Uzmanlar, löseminin en sık 2-5 yaş arası çocuklarda görüldüğünü belirterek, “Ateş, kemik ağrısı, kilo kaybı, boyunda şişlik, morluk, burun kanaması, diş eti kanaması, halsizlik ve solgunluk gibi belirtiler löseminin habercisi olabilir.
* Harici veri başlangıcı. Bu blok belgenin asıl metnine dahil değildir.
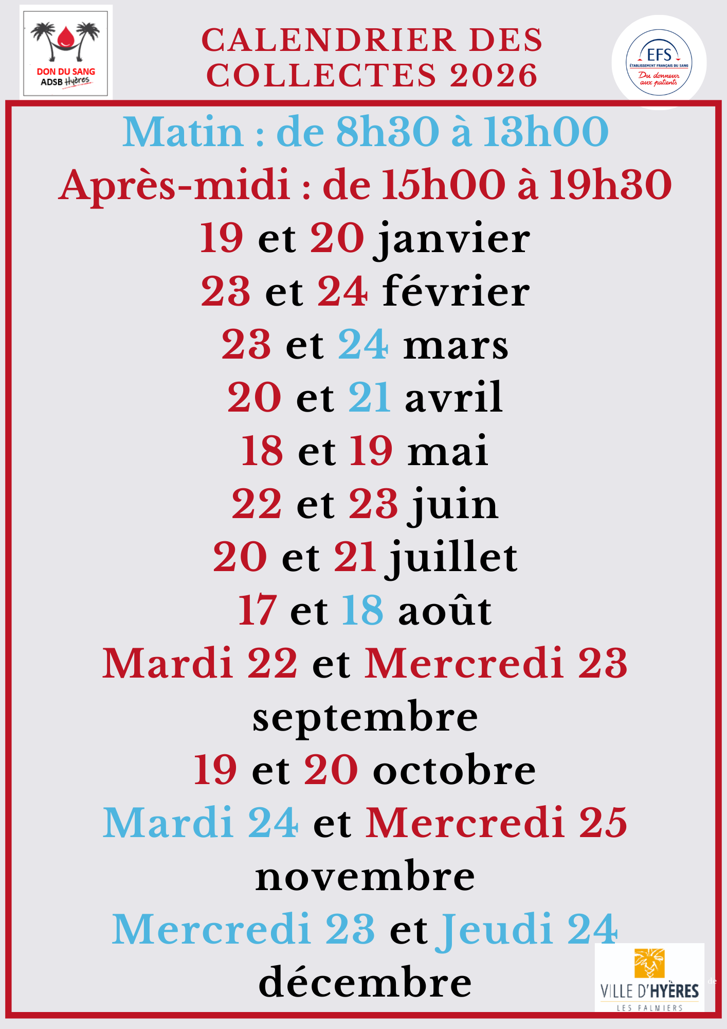 Tous les mois à lieu sur Hyères une collecte de sang réalisée par l'Etablissement Français du Sang. Nous les aidons a faire la promotion de cet événement et nous organisons également des événements pendant les collectes: tombolas, collectes gourmandes, etc ...

Bu tür şikayetleri olan çocuklar mutlaka bir uzmana götürülmeli” uyarısında bulundu.

“TEDAVİDE BAŞARI ORANI YÜZDE 90’A ÇIKTI”

Uzmanlar, lösemide geçmişe oranla tedavi başarısının büyük oranda arttığını vurgulayarak şu bilgileri paylaştı:

“Lösemiler eskiden korkutucu kanserler grubundaydı. Ancak bugün gelişen teknoloji, hedefe yönelik ilaçlar ve destekleyici tedaviler sayesinde hastaların yaklaşık yüzde 90’ı tamamen iyileşme şansına sahip. Elbette yüzde 10’luk bir hasta grubunda tedaviye direnç görülebiliyor, ancak bu hastalar için de yenilikçi tedavi yöntemleri üzerinde çalışıyoruz.”

Tanı sürecinde hastanın öyküsü, fizik muayene, kan ve kemik iliği tahlillerinin büyük önem taşıdığını belirten uzmanlar, her hastaya aynı tedavinin uygulanmadığını, düşük, orta ve yüksek risk gruplarına göre kişiye özel bir planlama yapıldığını söyledi.

“SADECE TIBBİ DEĞİL, PSİKOLOJİK DESTEK DE ŞART”

Lösemi tedavisinin yaklaşık iki yıl sürdüğünü hatırlatan uzmanlar, sadece medikal tedavinin yeterli olmadığını, hastaların ve ailelerinin psikolojik ve sosyal açıdan da desteklenmesi gerektiğini vurguladı.